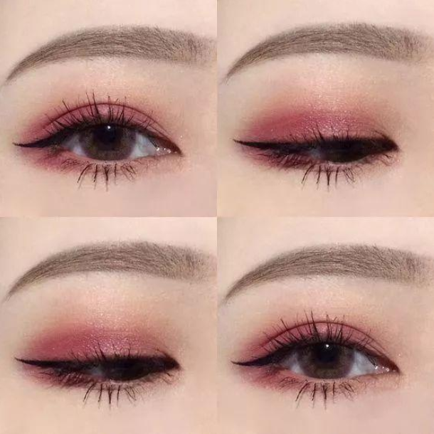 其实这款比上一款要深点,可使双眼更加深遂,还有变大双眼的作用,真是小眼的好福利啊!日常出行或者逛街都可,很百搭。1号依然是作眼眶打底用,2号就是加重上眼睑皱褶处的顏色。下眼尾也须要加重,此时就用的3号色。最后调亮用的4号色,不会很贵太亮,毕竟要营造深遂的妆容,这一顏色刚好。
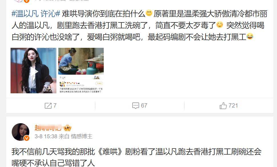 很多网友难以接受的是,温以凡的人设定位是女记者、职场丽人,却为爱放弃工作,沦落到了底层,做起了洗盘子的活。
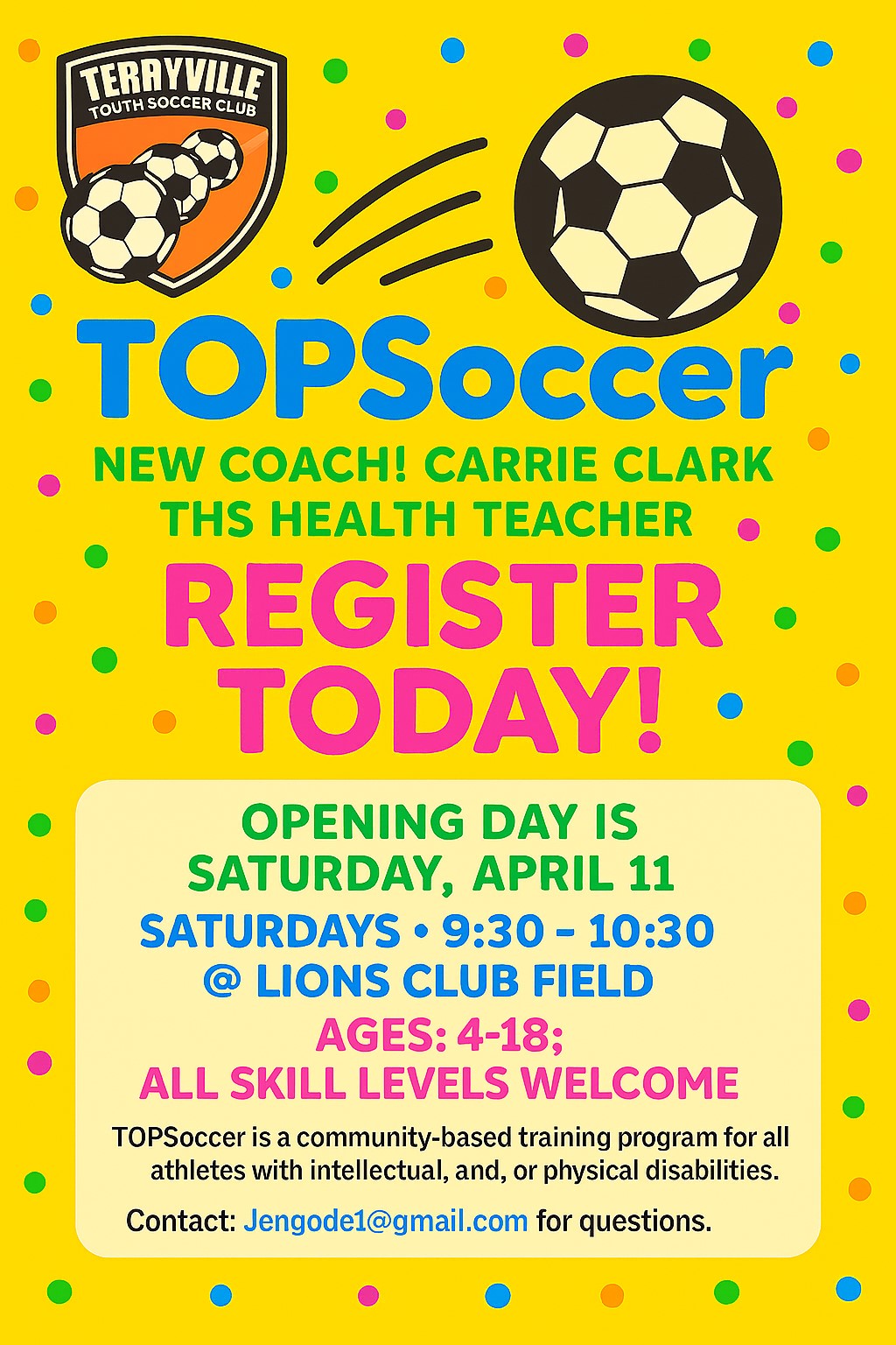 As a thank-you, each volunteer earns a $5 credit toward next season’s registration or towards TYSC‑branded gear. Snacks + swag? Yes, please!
- - -
In the copy, omit the pictures and give every line of the data exactly.

Worked solution:
 其实这款比上一款要深点,可使双眼更加深遂,还有变大双眼的作用,真是小眼的好福利啊!日常出行或者逛街都可,很百搭。1号依然是作眼眶打底用,2号就是加重上眼睑皱褶处的顏色。下眼尾也须要加重,此时就用的3号色。最后调亮用的4号色,不会很贵太亮,毕竟要营造深遂的妆容,这一顏色刚好。
 很多网友难以接受的是,温以凡的人设定位是女记者、职场丽人,却为爱放弃工作,沦落到了底层,做起了洗盘子的活。
 As a thank-you, each volunteer earns a $5 credit toward next season’s registration or towards TYSC‑branded gear. Snacks + swag? Yes, please!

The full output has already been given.